Brisbois smiled slightly and shrugged. “What would you do if Verdilith attacked you right now, in these mountains?” he asked.

Braddoc stared up at Brisbois. Jo once again stood in silence for a moment. “What kind of question is that?”

“A legitimate one, I should think,” the man replied. “You’re so vulnerable out here, on an open mountain range, with no way to fight, nowhere to run.”

“You’re as vulnerable as we,” Braddoc interjected. Brisbois shrugged, “More so, I bet you think. After all, I don’t carry Wyrmblight, scourge of the Great Green, do I?” The man moved with reptilian grace toward Jo, his hand reaching out to the blade harnessed to her back.

Jo backed away, watching the yellowish steam rise from Brisbois’s nose. “What’s gotten into you?”

Brisbois withdrew to a nonthreatening distance and said, “You have a lot of faith in that sword. Too much faith, if you ask me.”

“I didn’t ask you,” Jo shot, checking the straps on Fernlover.

“You think that sword will save you,” Brisbois pressed, a gleaming grin on his mouth, “but it didn’t save Flinn.”

Jo whirled, wrenching Wyrmblight from its harness and leveling it before Brisbois’s heart. “You mention Flinn one more time, and I’ll cut your heart out with this.”

“Jo,” Braddoc said, with a warning glare.
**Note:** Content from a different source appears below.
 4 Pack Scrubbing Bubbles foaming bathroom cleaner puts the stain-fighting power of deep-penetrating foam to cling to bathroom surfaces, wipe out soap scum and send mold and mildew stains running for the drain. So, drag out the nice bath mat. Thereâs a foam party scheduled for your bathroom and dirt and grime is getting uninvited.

Brisbois smiled and waved the dwarf off with a bandaged hand, “She doesn’t mean it. That sword is everything to her. She holds on to it and thinks she’s holding on to Flinn. But Flinn failed her, and so will the sword.”
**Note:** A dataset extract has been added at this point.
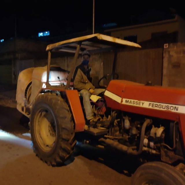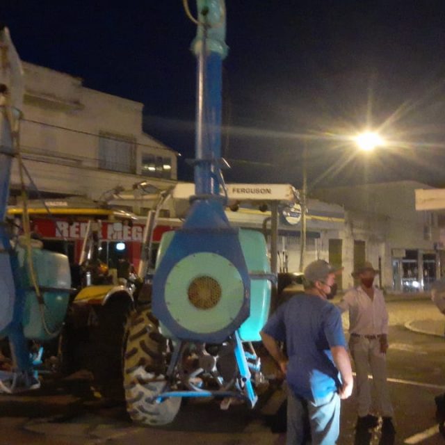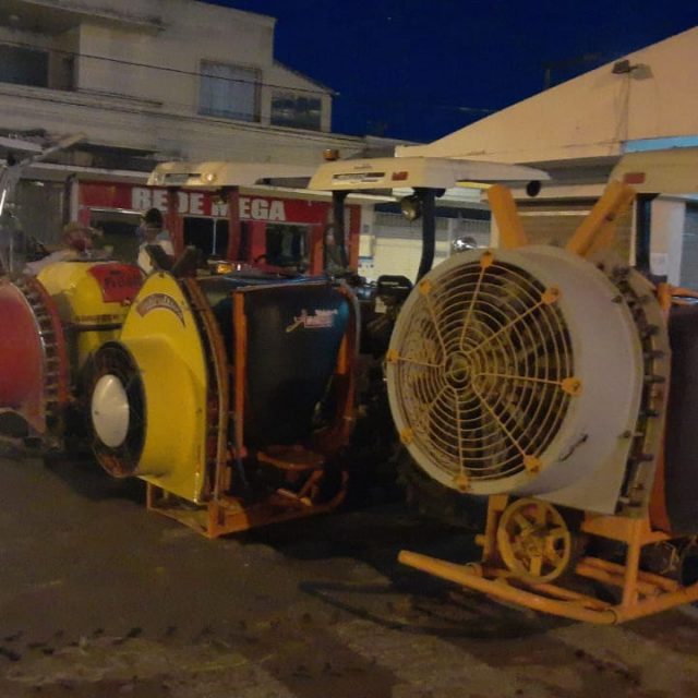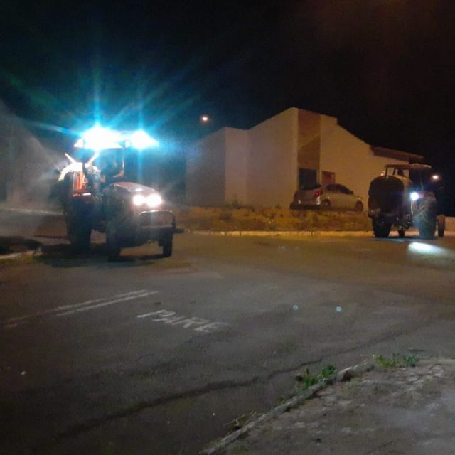 A Prefeitura de Muzambinho realizou na última sexta-feira (16) o trabalho de desinfecção noturna com pulverização das ruas, calçadas e locais públicos da cidade. Os produtores rurais começaram as 19 horas e encerraram após as onze horas , “percorremos o máximo de ruas possíveis, “ disse Joel Bócoli, que fez questão de participar como voluntário nas três vezes.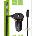 Автомобильная зарядка HOCO Z14 USB + "lightning" (5V 3.1A) черная

Jo lunged forward, a snarl of rage on her lips. The tip of Wyrmblight sliced through the dishonored knight’s tabard, punctured his breastplate, and slammed the chain mail into his sternum. With a slight gasp, Brisbois slipped and fell to the ground.

Jo stepped up, setting the blade back on the gash and towering over him. Braddoc clutched her arm, trying to pull her back, but Jo gritted her teeth and began to lean onto the blade.

“Mercy,” Brisbois cried out with mock fear. “I beg you mercy on this battlefield, squire of the mighty Flinn. Will you kill me, though I beg mercy of you?”

A confused frown crossed Jo’s face and she colored. Her pressure on the sword relented as Braddoc pulled her away from the knight. As Brisbois painfully rose to his feet, the dwarf led Jo back to the mules and locked the gaze of his good eye with hers.

“You lost that one, Jo. Don’t let him manipulate you like that,” the dwarf said evenly. “Everybody already knows he’s an idiot. Don’t let him make an idiot out of you”

Something half-human and half-wolf suddenly streaked toward them. Karleah had returned from her search. Braddoc turned his head away politely as the wolf-thing transformed back into a naked old woman. The wizardess pulled on her clothing. She said with some asperity, “I’m sure a woman’s body is nothing new to you, Braddoc. Seen one, you’ve seen them all.”